The strict library dependencies of Cyclops are MPI and BLAS libraries.

Some functionality in Cyclops requires LAPACK and ScaLAPACK. A standard build of the latter can be constructed automatically by running configure with `--build-scalapack` (requires cmake to build ScaLAPACK, manual build can also be provided along by providing the library path).

Faster transposition in Cyclops is made possible by the HPTT library. To obtain a build of HPTT automatically run configure with `--build-hptt`.

Efficient sparse matrix multiplication primitives and efficient batched BLAS primitives are available via the Intel MKL library, which is automatically detected for standard Intel compiler configurations or when appropriately supplied as a library.

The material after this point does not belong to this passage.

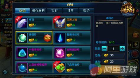 各位玩单机的小伙伴们,你们还在忽略商城这个选项吗?《北凉悍刀行》中的感悟值可以靠感悟丹来获得,一颗1000感悟值完爆在线礼包。商城中的感悟丹30金子一个,每天限购10个,而金子获取在《北凉悍刀行》中非常容易。所以每天300金子不只是对土豪,作为普通玩家的你也可以每天来商城消费,秒升境界不啰嗦!
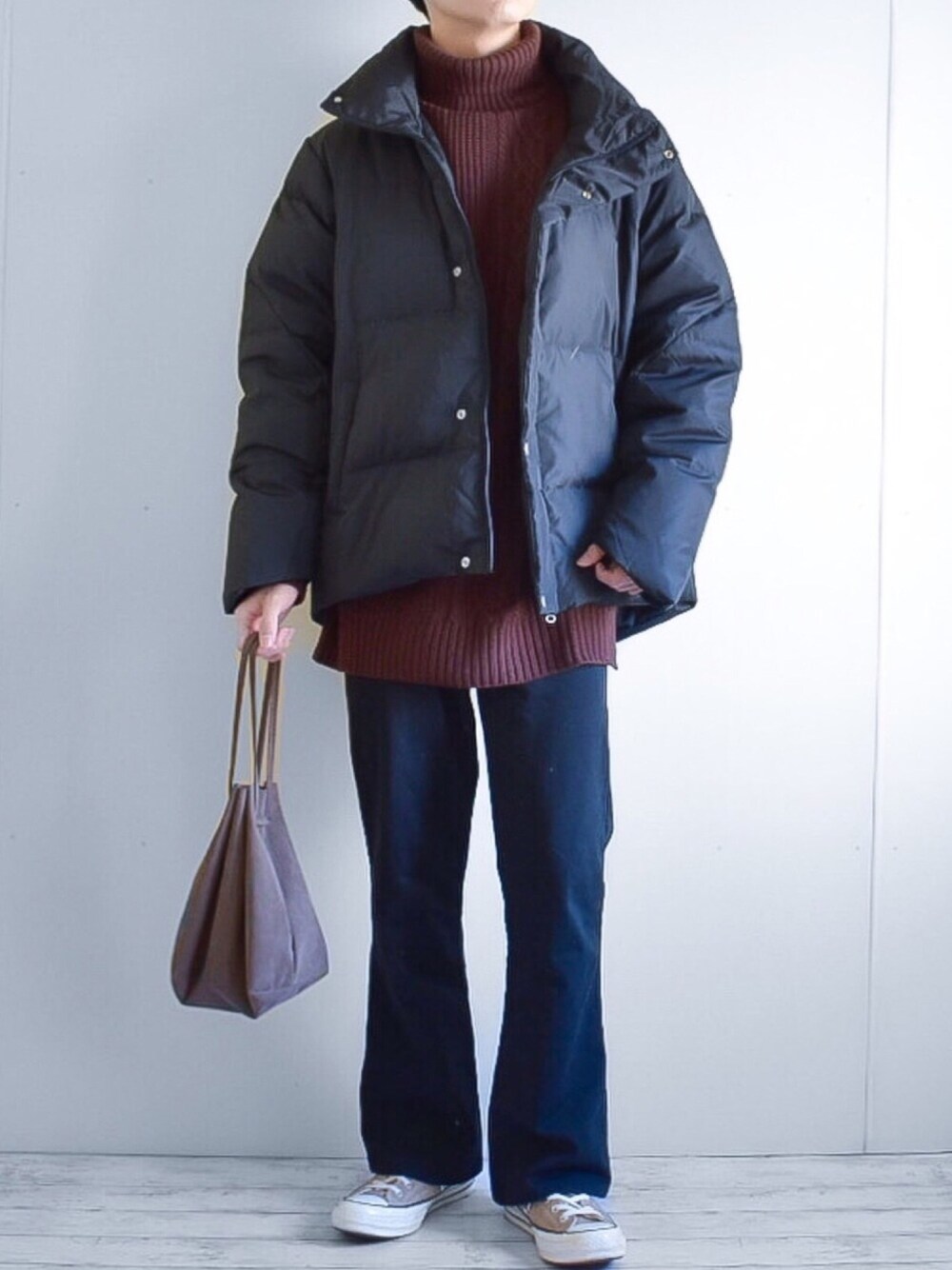 いつも見て頂きありがとうございます! 今日のコーデの配色は ブラウン×ブラック×ベージュ 冬アウター着回しチャレンジ ダウンジャケット3コーデ目です! タートルネックと合わせました!✨ このダウンジャケット暖かいしほんとにおすすめ!

### Building and Installing the Libraries

Once configured, you may install both the shared and dynamic libraries, by running `make`. Parallel make is supported.

To build exclusively the static library, run `make libctf`, to build exclusively the shared library, run `make shared`.

To install the C++ libraries to the prespecified build destination directory (`--build-dir` for `./configure`, `/usr/local/` by default), run `make install` (as superuser if necessary). If the CTF configure script built the ScaLAPACK and/or HPTT libraries automatically, the libraries for these will need to be installed system-wide manually.

To build the Python CTF library, execute `make python`.

To install the Python CTF library via pip, execute `make python_install` (as superuser if not in a virtual environment).

To uninstall, use `make uninstall` and `make python_uninstall`.

### Testing the Libraries

To test the C++ library with a sequential suite of tests, run `make test`. To test the library using 2 processors, execute `make test2`. To test the library using some number N processors, run `make testN`.

To test the Python library, run `make python_test` to do so sequentially and `make python_testN` to do so with N processors.

To debug issues with custom code execution correctness, build CTF libraries with `-DDEBUG=1 -DVERBOSE=1` (more info in `config.mk`).

To debug issues with custom code performance, build CTF libraries with `-DPROFILE -DPMPI` (more info in `config.mk`), which should lead to a performance log dump at the end of an execution of a code using CTF.

## Sample C++ Code and Minimal Tutorial

A simple Jacobi iteration code using CTF is given below, also found in [this example](examples/jacobi.cxx).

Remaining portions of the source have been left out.